Помощь Далмау обрел той же ночью, после попыток придумать новую модель изразца, которая удовлетворила бы запросам дона Мануэля. Тщетных попыток. Ничего не получалось, хотя Далмау подстегивал себя изрядными порциями водки; мысли его не отрывались от Эммы, тесно сплелись с бедой и печалью, которые источал весь ее облик, и творческая сила его оказалась погребена под тяжкой обидой девушки, запечатана, будто в коконе, чтобы больше не оскорблять ее: ведь в какой бы дали она ни существовала, ничего не зная о произведениях Далмау, это его преимущество по-прежнему причиняло боль. Он даже не стал ужинать, сразу направился в кафешантан, расположенный в недрах старой Барселоны, в одном из бесчисленных ее закоулков. Как во многих других притонах, там употребляли морфин, время от времени кто-нибудь выкуривал трубку опиума; также был в ходу героин, новый опиат, которым многие врачи рекомендовали лечить зависимость от морфина. Отсюда название, которое ему присвоила немецкая фармацевтическая фирма, его выпустившая на рынок: героин, средство, не приводящее к такой зависимости, как морфин, хотя Далмау слышал, что один наркотик попросту заменялся другим, не принося наркоманам никакого облегчения.
Морфин был не так распространен в Барселоне, как в Париже, Лондоне, Берлине или во многих крупных американских городах, но его употребляли настолько регулярно, что муниципальные медики в публикуемых сводках приводили статистику отравлений морфином. Сначала Далмау подумал было пойти в аптеку и купить пузырек; он знал, что фармацевты продают такие средства сравнительно дешево, но спохватился, что из-за своей неопытности в таких делах может ошибиться с дозой или неправильно сделать укол, тем самым причинив себе вред. Поэтому решил направиться в «Черное Небо»: там наверняка сидит Адольфо Лопес, поэт, пишущий стихи под диктовку морфина, погруженный в то безмятежное, побуждающее к творчеству состояние, к которому неоднократно предлагал приобщиться и художника Далмау.

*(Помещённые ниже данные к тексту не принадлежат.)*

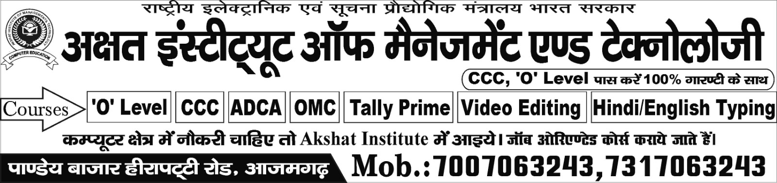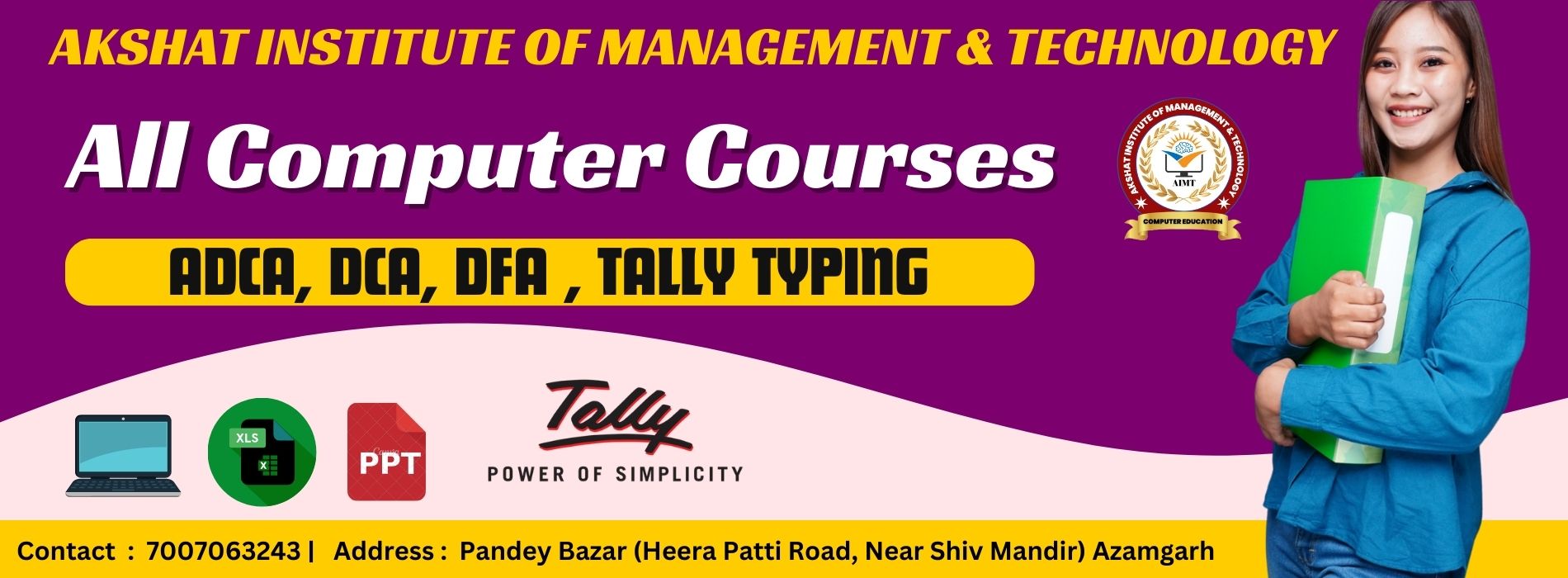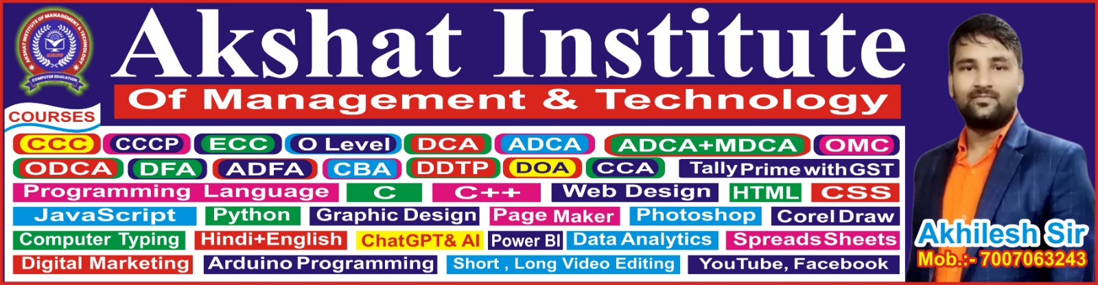Welcome to Akshat Institute of Management & Technology, a trusted name in computer education. Located in Azamgarh, we are committed to empowering students with the latest knowledge and practical skills in the field of computer technology.
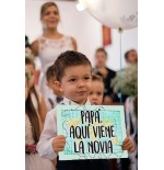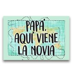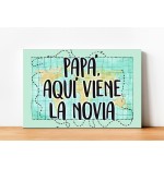 Cartel impreso de madera, con el texto "Papá, aquí viene la novia"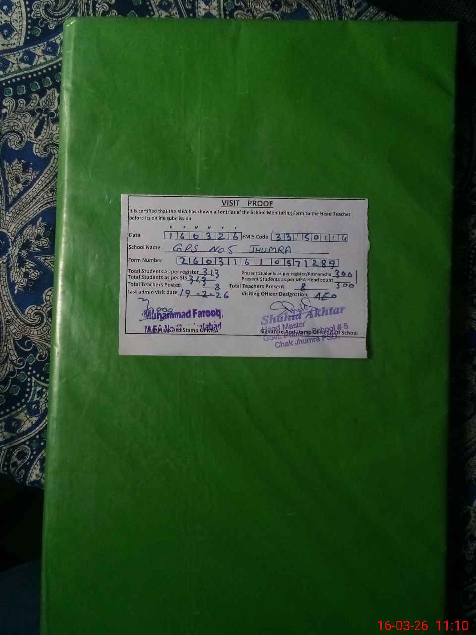 | EMIS Code: 33150114 | Name of School: GPS 5 CHAK JHUMRA | |||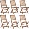 Chaises pliables de jardin lot de 6 avec coussins Bois d'acaciaCes chaises pliables en bois d'acacia massif avec coussins sont un endroit idéal pour vous détendre et profiter du soleil dans le jardin ou sur le patio. Ces chaises de jardin sont fabriquées en bois d'acacia massif, ce qui les rend solides et stables. Le bois d'acacia massif a la force de soutenir le poids et résiste à l'usure du temps. Ainsi, ces chaises d'extérieur offrent des années de détente. De plus, les chaises peuvent être pliées pour économiser de l'espace lorsqu'elles ne sont pas utilisées. Les coussins inclus ajoutent un confort supplémentaire. Chaque coussin comporte deux ensembles de cordes pour le fixer solidement sur la chaise. Remarque : Afin de prolonger la durée de vie de vos meubles d'extérieur, nous vous recommandons de les nettoyer régulièrement et de ne pas les laisser à l'extérieur sans protection inutilement.Nettoyage : Utiliser une solution savonneuse douceStockage : Si possible, stockez dans un endroit frais et sec à l'intérieur. Si le produit est stocké à l'extérieur, protégez-le avec une housse imperméable. Essuyez et séchez l'excès d'eau ou de neige des surfaces planes après la pluie ou une chute de neige. Permettez une circulation d'air suffisante afin d'éviter les dommages liés à l'humidité. Maximum 110 kg par siège.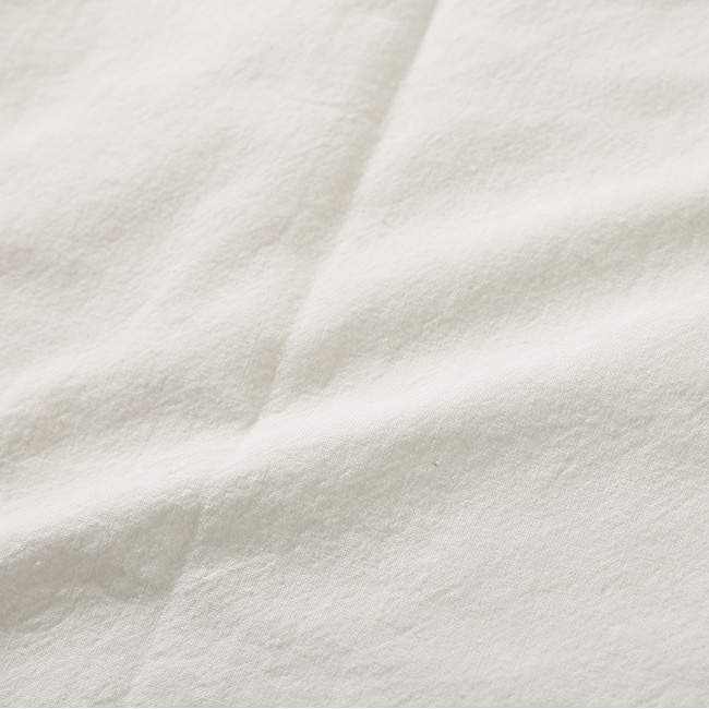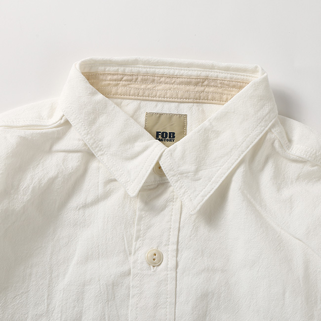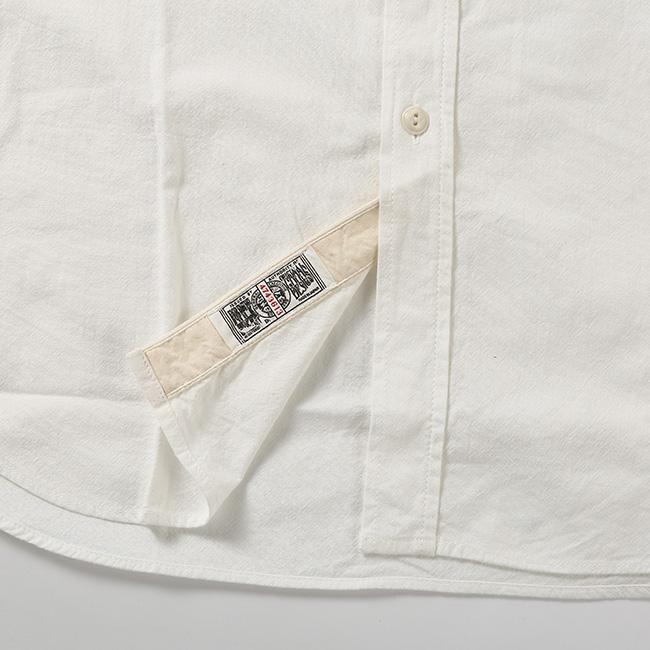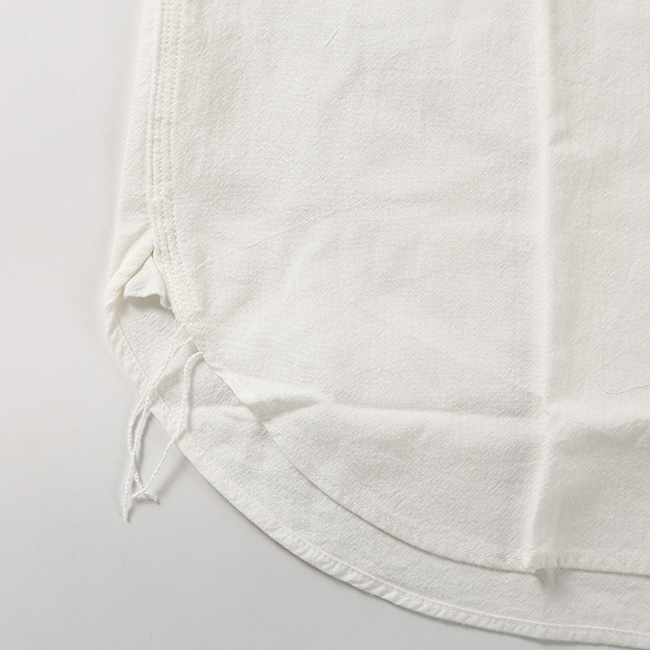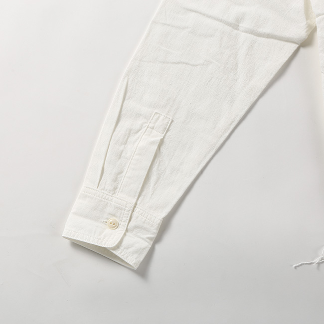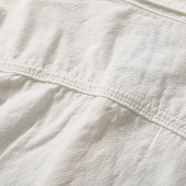 強撚に糸を撚って撚りが戻る性質を利用してシボを作る「開燃」に成功した 『一生着用できると言っても過言ではない』オックス素材をオリジナルで製作。白素材でも、経年変化が楽しんで頂けます。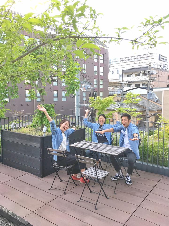 ピースホステル京都のテラスでも、美しい新緑を楽しむことができます。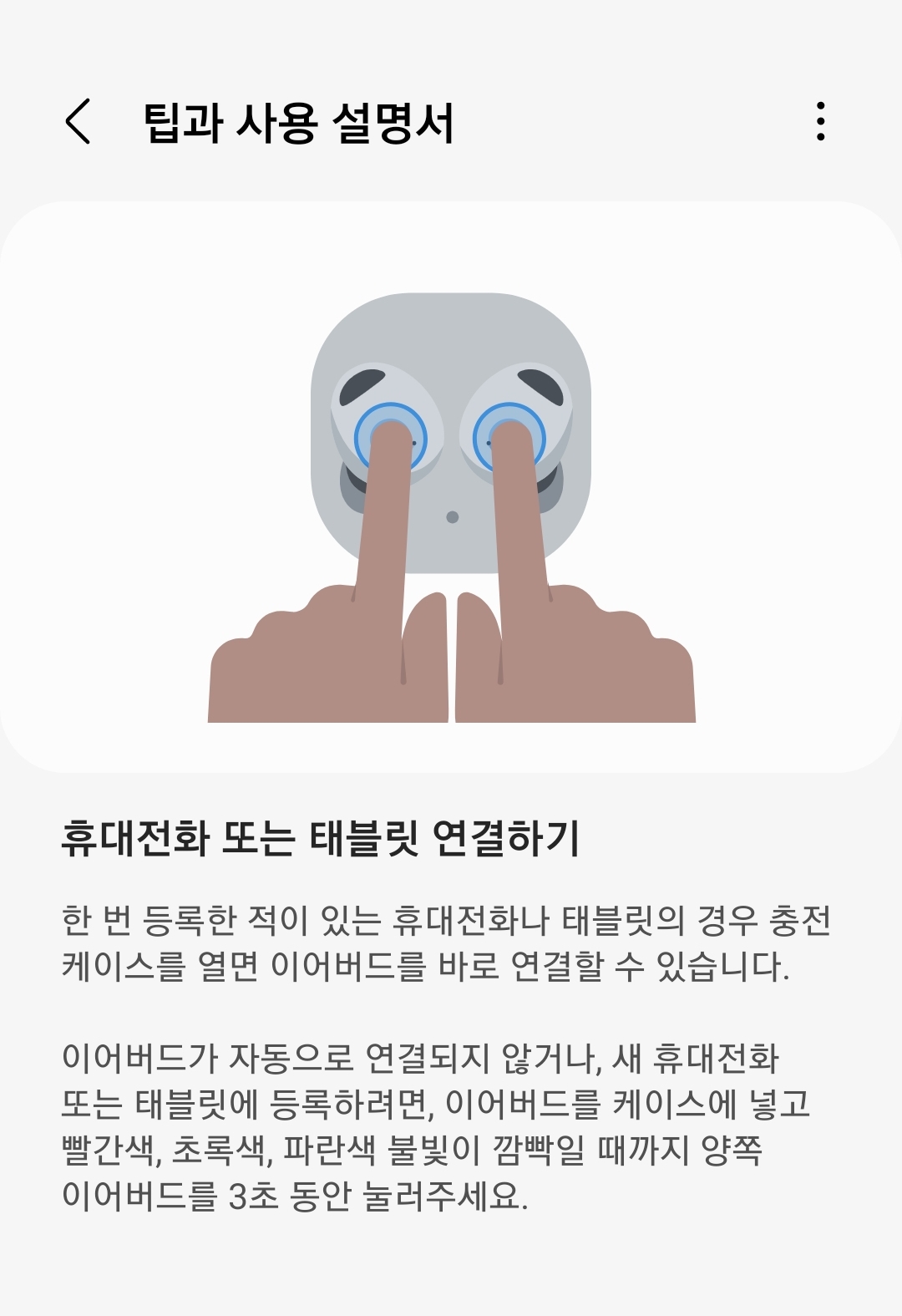 다른 기기와의 연결이 필요하면, 버즈를 케이스에 넣은 상태에서 두 손가락으로 양쪽을 꾸욱 눌러주면 된다.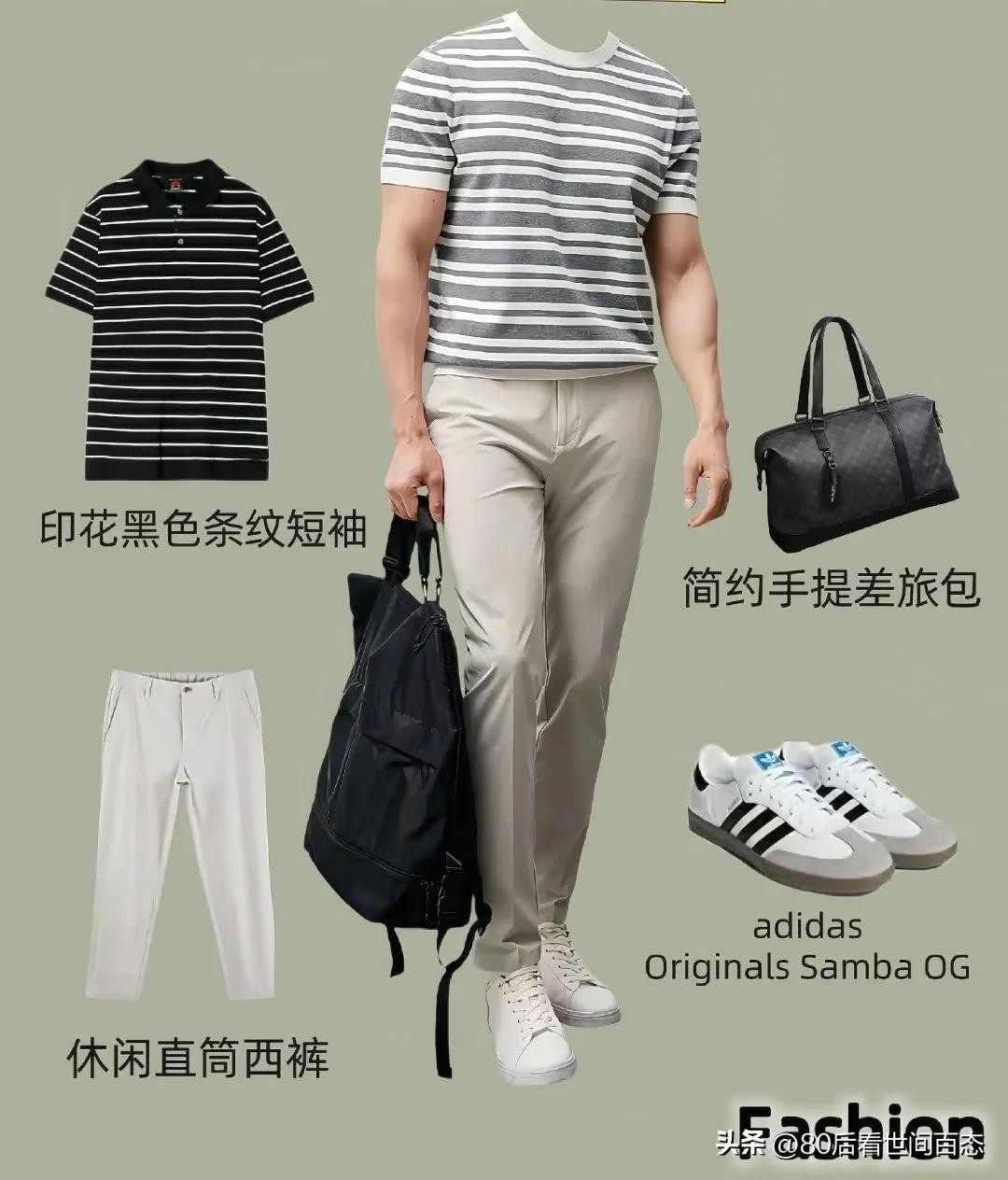 印花黑色条纹短袖个性十足,独特的印花设计彰显个人风格。搭配简约手提差旅包,实用又不失时尚感。下身选择休闲直筒西裤,中和了短袖的随意,使整体造型更加协调。脚上的adidas Originals Samba OG运动鞋,复古潮流,无论是逛街还是参加休闲聚会,都能轻松驾驭,展现出时尚不羁的态度。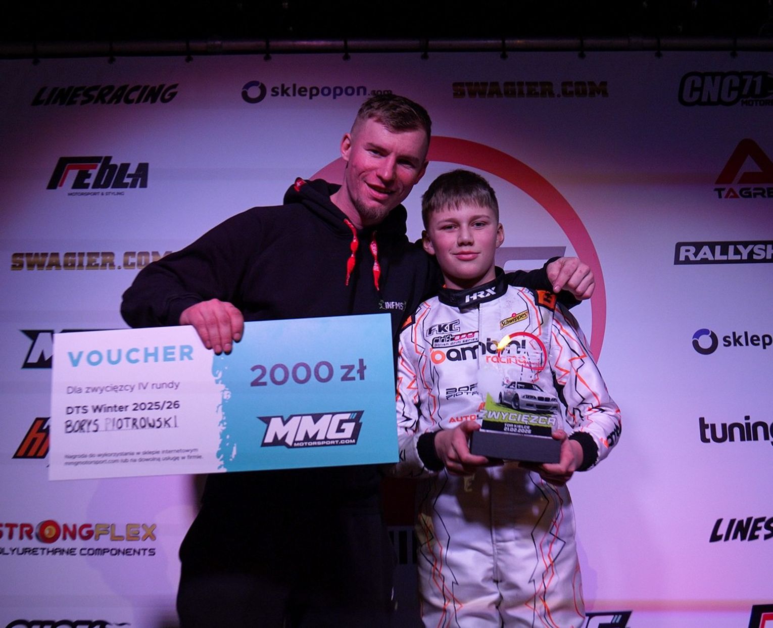 Za nami kolejna runda zimowej driftingowej serii DTS, która została rozegrana na torze Kielce. Po raz kolejny udział w kategorii Open wziął młody kierowca z Włocławka – Borys Piotrowski. Kierowca zaprezentował się fenomenalnie, przejechał trzy bardzo dobre biegi, które zapewniły mu najwyższe miejsce na podium. Dzięki solidnej zdobyczy punktowej młody Włocławianin awansował w klasyfikacji generalnej i przed ostatnimi zawodami ma realną szansę na zdobycie tytułu mistrzowskiego.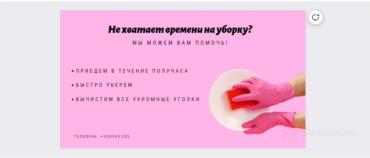 Шаг №2 : после настройки размера нужно сделать привлекательный фон для креатива — так как это клининговая компания, то цвета должны ассоциироваться с чистотой и уютом. Поэтому используем базовый розовый — он вызывает ощущение уюта и удовлетворения.

Поэт причислял себя к модернистам; у него никогда не бывало денег, чтобы расплатиться за то, что он заказывал в кафешантане, хотя морфина всегда было в достатке. Вид его отчасти даже восхищал Далмау: длинные седые волосы, редкие и сальные; потертый сюртук, рубашка и галстук в жирных пятнах, неопределенного цвета; помятый, потерявший форму котелок.
– Сын мой, – вещал поэт, когда Далмау присаживался к столику, который тот неизменно занимал в углу, рядом с подмостками, – модернизм в литературе – это довольно просто: выбираешь кучку редких, звучных и непонятных слов, какими нормальные люди не пользуются, и сочетаешь их друг с другом. Вот, например, «хризолитовый»! Как тебе нравится «хризолитовый»? – (Далмау усмехнулся, будто услышал шутку.) – Так вот, ты говоришь о хризолитовости чего-то такого… Ну, всегда лучше приплести нечто, не имеющее цвета: ветер, к примеру. «Рокотал хризолитовый ветер…» – сочинил он на ходу. – Или приписываешь неодушевленным предметам качества, им совсем не подходящие: «В дворцах счастливой Аркадии, меж аркбутанов усталых…» – продекламировал он нараспев.